I’m trying to train a model on 2 GPUs with the DDP strategy, but it seems like it’s only using the first GPU. I have two RTX8000 on a slurm node I’ve started in interactive mode. CUDA_VISIBLE_DEVICES: [0,1]. When run this specifically settings devices=[0,1], it seems like my batch size effectively doubles but nvidia-smi indicates that only the first GPU is being run. Here’s what I see on the command line:
GPU available: True (cuda), used: True
TPU available: False, using: 0 TPU cores
IPU available: False, using: 0 IPUs
HPU available: False, using: 0 HPUs
Initializing distributed: GLOBAL_RANK: 0, MEMBER: 1/1
[2023-09-17 13:30:03,387][torch.distributed.distributed_c10d][INFO] - Added key: store_based_barrier_key:1 to store for rank: 0
[13:30:03] INFO Added key: store_based_barrier_key:1 to store for rank: 0
[2023-09-17 13:30:03,392][torch.distributed.distributed_c10d][INFO] - Rank 0: Completed store-based barrier for key:store_based_barrier_key:1 with 1 nodes.
INFO Rank 0: Completed store-based barrier for key:store_based_barrier_key:1 with 1 nodes.
----------------------------------------------------------------------------------------------------
distributed_backend=nccl
All distributed processes registered. Starting with 1 processes
----------------------------------------------------------------------------------------------------
libibverbs: Warning: couldn't load driver 'libqedr-rdmav34.so': libqedr-rdmav34.so: cannot open shared object file: No such file or directory
libibverbs: Warning: couldn't load driver 'librxe-rdmav34.so': librxe-rdmav34.so: cannot open shared object file: No such file or directory
libibverbs: Warning: couldn't load driver 'libmlx4-rdmav34.so': libmlx4-rdmav34.so: cannot open shared object file: No such file or directory
libibverbs: Warning: couldn't load driver 'libi40iw-rdmav34.so': libi40iw-rdmav34.so: cannot open shared object file: No such file or directory
libibverbs: Warning: couldn't load driver 'libipathverbs-rdmav34.so': libipathverbs-rdmav34.so: cannot open shared object file: No such file or directory
libibverbs: Warning: couldn't load driver 'libhns-rdmav34.so': libhns-rdmav34.so: cannot open shared object file: No such file or directory
libibverbs: Warning: couldn't load driver 'libcxgb4-rdmav34.so': libcxgb4-rdmav34.so: cannot open shared object file: No such file or directory
libibverbs: Warning: couldn't load driver 'libocrdma-rdmav34.so': libocrdma-rdmav34.so: cannot open shared object file: No such file or directory
libibverbs: Warning: couldn't load driver 'libbnxt_re-rdmav34.so': libbnxt_re-rdmav34.so: cannot open shared object file: No such file or directory
libibverbs: Warning: couldn't load driver 'libmthca-rdmav34.so': libmthca-rdmav34.so: cannot open shared object file: No such file or directory
libibverbs: Warning: couldn't load driver 'libhfi1verbs-rdmav34.so': libhfi1verbs-rdmav34.so: cannot open shared object file: No such file or directory
libibverbs: Warning: couldn't load driver 'libvmw_pvrdma-rdmav34.so': libvmw_pvrdma-rdmav34.so: cannot open shared object file: No such file or directory
LOCAL_RANK: 0 - CUDA_VISIBLE_DEVICES: [0,1]

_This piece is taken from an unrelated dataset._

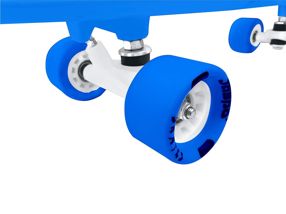 The Jaspo Mini Cruiser (22.5x5.5", Blue) is a durable, fully assembled skateboard for kids, supporting up to 60 kg
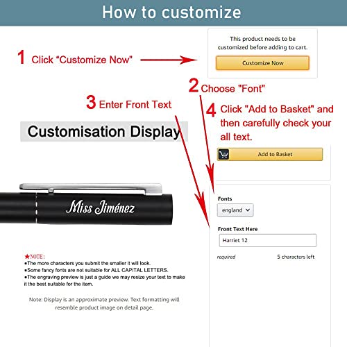 Personalizzazione gratuita ★ Puoi avere fino a 50 caratteri (spazi inclusi) su ogni riga, fino a 2 linee personalizzate sono gratuite. Usiamo la tecnologia di incisione laser per incidere il testo sulla penna senza sbiadire. Finché fai clic sull'opzione "Personalizza", puoi facilmente personalizzarla. Bellissimo aspetto, adatto come regalo.

And here’s what nvidia-smi
outputs:
+---------------------------------------------------------------------------------------+
| NVIDIA-SMI 535.86.10 Driver Version: 535.86.10 CUDA Version: 12.2 |
|-----------------------------------------+----------------------+----------------------+
| GPU Name Persistence-M | Bus-Id Disp.A | Volatile Uncorr. ECC |
| Fan Temp Perf Pwr:Usage/Cap | Memory-Usage | GPU-Util Compute M. |
| | | MIG M. |
|=========================================+======================+======================|
| 0 Quadro RTX 8000 On | 00000000:27:00.0 Off | Off |
| 41% 68C P2 255W / 260W | 43447MiB / 49152MiB | 100% Default |
| | | N/A |
+-----------------------------------------+----------------------+----------------------+
| 1 Quadro RTX 8000 On | 00000000:C3:00.0 Off | Off |
| 33% 24C P8 4W / 260W | 3MiB / 49152MiB | 0% Default |
| | | N/A |
+-----------------------------------------+----------------------+----------------------+
+---------------------------------------------------------------------------------------+
| Processes: |
| GPU GI CI PID Type Process name GPU Memory |
| ID ID Usage |
|=======================================================================================|
| 0 N/A N/A 41543 C python 43426MiB |
+---------------------------------------------------------------------------------------+
My wandb logging indicates the same: only the first GPU is being run. How do I resolve this?
In [3]: lightning.__version__
Out[3]: '2.0.6'
patrick.mineault@cn-c014:~$ python --version
Python 3.9.17